> _Your goal_:
The reply must consist of the complete listing, reproduced exactly, with no images included.

> _Source records_:
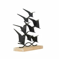 - Soft sheen black finish highlights this flying birds sculpture set on a natural wood brown base
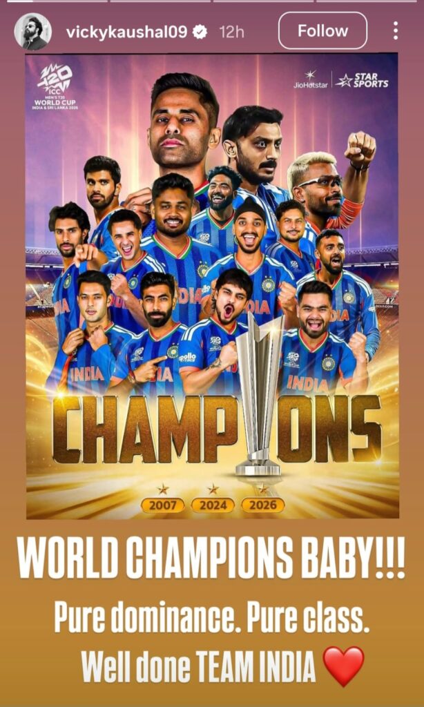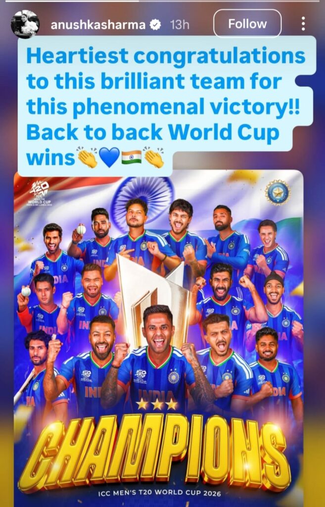Anushka Sharma congratulated the team by sharing a special message on her Instagram Stories. She wrote, “Heartiest congratulations to this incredible team for this phenomenal victory!! Back-to-back World Cup wins,” along with clapping, blue heart, and Indian flag emojis.
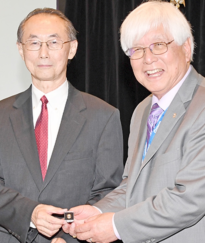 | JACL Saddened by the Deaths of Former JACL National President, David Lin, and his wife, Jean Lin. “It is with deep sadness that we acknowledge the passing of past National President David Lin, a devoted Life Member of the Japanese American Citizens League for more than two decades,” said JACL National President Larry Oda in a statement released to Pacific Citizen. “Throughout his years of service, David exemplified the highest ideals of leadership, commitment and integrity. He served the organization in numerous capacities, including as vice president for Membership, Planning and Development, and as national president. Most recently, he continued his steadfast dedication as chair of the Investment Policy Committee.” “David’s passing is a tremendous loss to the JACL and to the broader community he served with such devotion. We extend our heartfelt condolences to his family and loved ones during this difficult time. His legacy of leadership and service will be remembered with great respect and gratitude.” Photo: David Lin, left, receives JACL’s Sapphire Pin from Larry Oda at the 2024 JACL National Convention in Philadelphia. (Photo: Kris Ikejiri) |
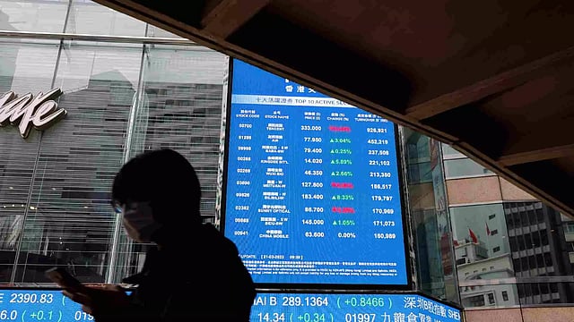 The spotlight in the Asian morning fell on Chinese property developers listed in Hong Kong, which tumbled 2% in part due to a 20% plunge in China Evergrande Group after police in southern China detained some staff at its wealth management unit, the latest trouble to hit the embattled property firm.
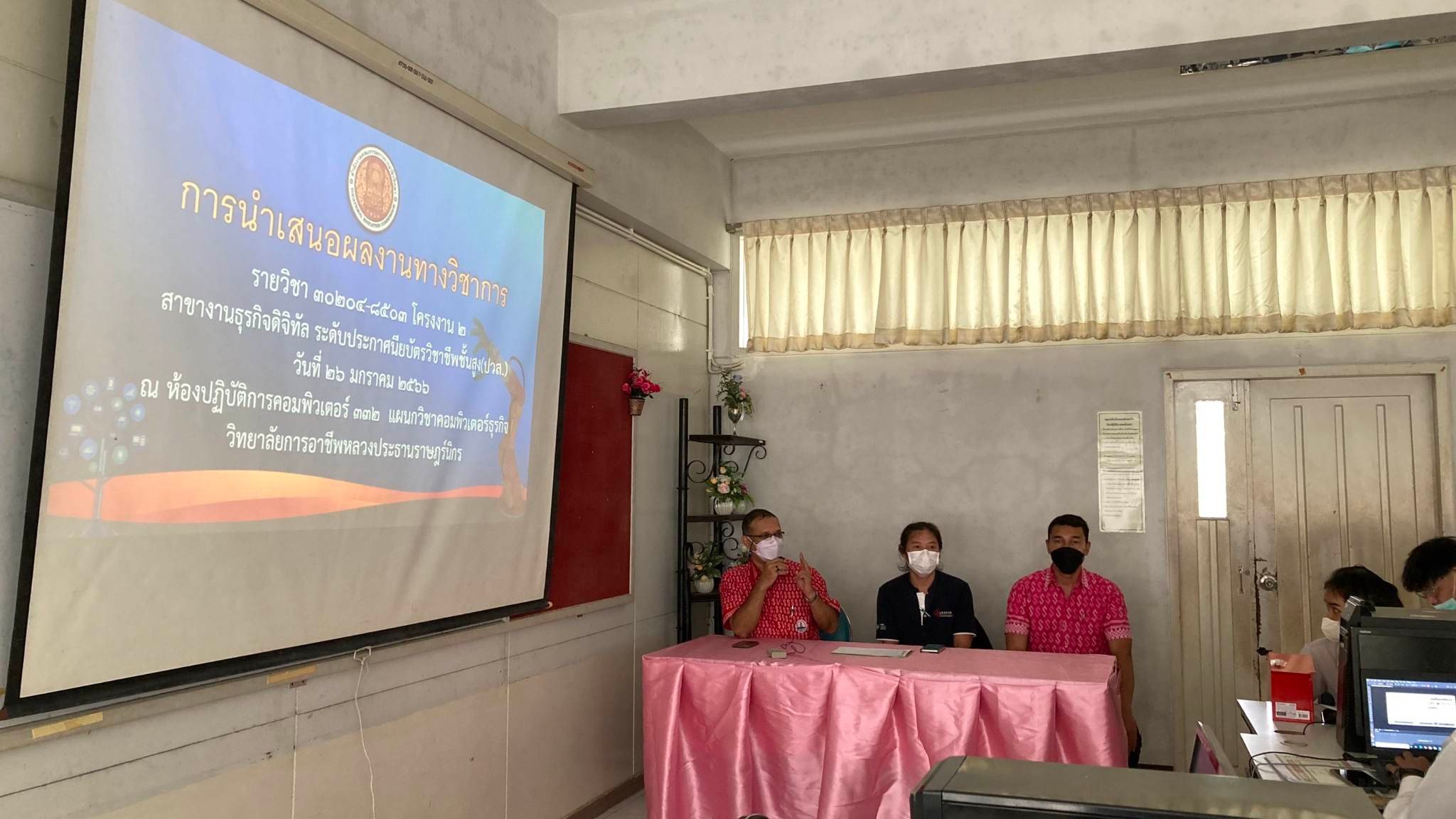 คุณพิพัฒน์ พิพิธพัฒนพงศ์ นักวิชาการคอมพิวเตอร์ สาขาวิชาวิศวกรรมคอมพิวเตอร์ คณะวิศวกรรมศาสตร์ ร่วมเป็นวิทยากรและคณะกรรมการประเมินผลงานทางวิชาการ ในรายวิชา 30204-8503 โครงงาน 2 ระดับชั้นปวส. 2 สาขางานธุรกิจดิจิทัล ให้กับแผนกวิชาเทคโนโลยีธุรกิจดิจิทัล วิทยาลัยการอาชีพหลวงประธานราฎร์นิกร ในวันที่ 26 มกราคม พ.ศ. 2566 เวลา 13.00-16.00 น.

> _Exercise output_:
 - Soft sheen black finish highlights this flying birds sculpture set on a natural wood brown base
Anushka Sharma congratulated the team by sharing a special message on her Instagram Stories. She wrote, “Heartiest congratulations to this incredible team for this phenomenal victory!! Back-to-back World Cup wins,” along with clapping, blue heart, and Indian flag emojis.
 | JACL Saddened by the Deaths of Former JACL National President, David Lin, and his wife, Jean Lin. “It is with deep sadness that we acknowledge the passing of past National President David Lin, a devoted Life Member of the Japanese American Citizens League for more than two decades,” said JACL National President Larry Oda in a statement released to Pacific Citizen. “Throughout his years of service, David exemplified the highest ideals of leadership, commitment and integrity. He served the organization in numerous capacities, including as vice president for Membership, Planning and Development, and as national president. Most recently, he continued his steadfast dedication as chair of the Investment Policy Committee.” “David’s passing is a tremendous loss to the JACL and to the broader community he served with such devotion. We extend our heartfelt condolences to his family and loved ones during this difficult time. His legacy of leadership and service will be remembered with great respect and gratitude.” Photo: David Lin, left, receives JACL’s Sapphire Pin from Larry Oda at the 2024 JACL National Convention in Philadelphia. (Photo: Kris Ikejiri) |
 The spotlight in the Asian morning fell on Chinese property developers listed in Hong Kong, which tumbled 2% in part due to a 20% plunge in China Evergrande Group after police in southern China detained some staff at its wealth management unit, the latest trouble to hit the embattled property firm.
 คุณพิพัฒน์ พิพิธพัฒนพงศ์ นักวิชาการคอมพิวเตอร์ สาขาวิชาวิศวกรรมคอมพิวเตอร์ คณะวิศวกรรมศาสตร์ ร่วมเป็นวิทยากรและคณะกรรมการประเมินผลงานทางวิชาการ ในรายวิชา 30204-8503 โครงงาน 2 ระดับชั้นปวส. 2 สาขางานธุรกิจดิจิทัล ให้กับแผนกวิชาเทคโนโลยีธุรกิจดิจิทัล วิทยาลัยการอาชีพหลวงประธานราฎร์นิกร ในวันที่ 26 มกราคม พ.ศ. 2566 เวลา 13.00-16.00 น.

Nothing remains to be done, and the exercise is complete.